Stock indices made 52-week lows in October and have been positive since. In the first quarter, it was the titans of technology leading the way as they came back from a bad year in 2022. Generally speaking, 2023 has been the inverse of 2022. Sectors like health care and energy that were very positive last year, struggled do anything in the first half of the year. Or so has been the story this year until the last couple of weeks as we have begun to see the largest technology companies starting to roll over. As you can probably guess, that means that health and energy are starting to do better again. We will touch on why and what that all can mean but first some pictures.
This is a chart of the Technology Sector ETF, XLK (this fund includes all American large tech companies with Apple and Microsoft being the two largest). If the busyness of the picture makes you want to turn away, hang in there for a second and we will explain. What you are seeing is this ETF’s performance over the past five years. We have noted the “October lows” and “July highs” in pink. The grey line running across is simply showing that when the sector recently peaked in July, it was simply getting back to the level it achieved at the end of 2021. That’s a nice little recovery innit, but what we really want to see is for it to make those new highs and then hold them. That hasn’t happened hence the “oops!” noted in blue on the chart. Ever since it crossed that previous high, it’s pulled back.

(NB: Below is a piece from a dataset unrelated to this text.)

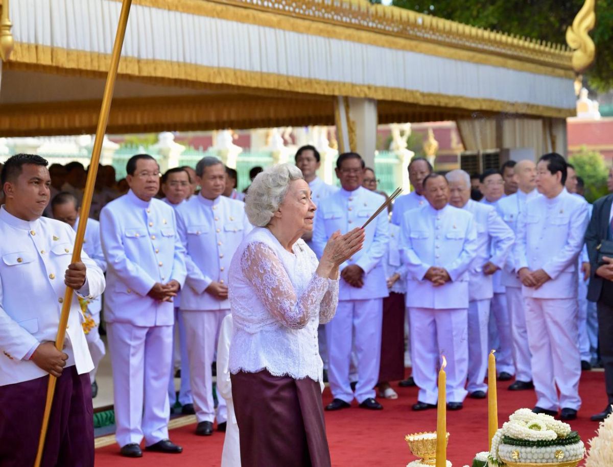 សម្ដេចព្រះមហាក្សត្រី ព្រះរាជតំណាងដ៏ខ្ពង់ខ្ពស់បំផុតរបស់ព្រះមហាក្សត្រ ស្តេចយាងជាព្រះរាជាធិបតី ក្នុងព្រះរាជពិធីបួងសួងចម្រើនសេចក្តីសុខ និងភាពសម្បូរសប្បាយដល់កម្ពុជានៅព្រះបរមរាជវាំង

You’ve most likely heard us say something along the lines of “timeline matters” and that’s very true here. When we try to make sense of this chart, it’s really a tale of two periods. In a shorter-term like six months, this doesn’t look positive. Think of the grey line as a ceiling that is in the way. However, when the investing timeline is longer-term, like five-to-seven years, this means very little. If anything, it shows that technology stocks could be stuck going sideways and may provide buying opportunities with that longer-term goal in mind.
As technology has recently stubbed its toe, health care and energy are showing signs of life. At the moment, the second half of 2023 is setting up to be more like 2022 with tech on the struggle bus while health care and energy lead. This can only lead to the one clear and obvious conclusion: “time is a flat circle”. Kidding! (I still don’t even know what that means to be honest). The real takeaway is that for the overall stock market to go higher in the years to come we need everybody in the boat rowing at the same time. The positive spin on this trading of performance back-and-forth between sectors for the past couple of years is that it is helping the market sustain the current level as the world moves through this wild period of tangible inflation, interest rate increases, and buckets of geo-political uncertainty. A natural occurrence.
One more picture that’s worth a thousand words. As a quick preface, global currencies are fickle, volatile, and very difficult to analyze. They are the meta-asset class in that they encompass everything which makes it very hard to isolate the driving factors under the hood. But that’s not the point of the exercise. Take a look at this chart…
This is the DXY also known as the US Dollar Global Index which is a way of valuing the USD versus a basket of global currencies (as in, Euro, Pound, Yen, etc.). While this might not be predictive in nature, it is revealing. The pink annotation dates should look familiar but in reverse order from above. Said differently, while the tech stocks of the XLK were bottoming in October of 2022, the US Dollar was making new highs. It then dropped precipitously while those tech stocks rallied. Adding to the similarity of the charts, the “oops” from the XLK chart, where tech stocks started to rollover, took place right after the US Dollar started to break back above the grey line I added. A strong dollar has been a major “oops” for tech stocks. This does intuitively make sense as a strong dollar hurts companies like Apple and Microsoft who have a global footprint. Again, over a longer investment time horizon, these moves ebb and flow to work themselves out. However, in the short-term, they are useful to help make sense of what is happening out there in that big, round world.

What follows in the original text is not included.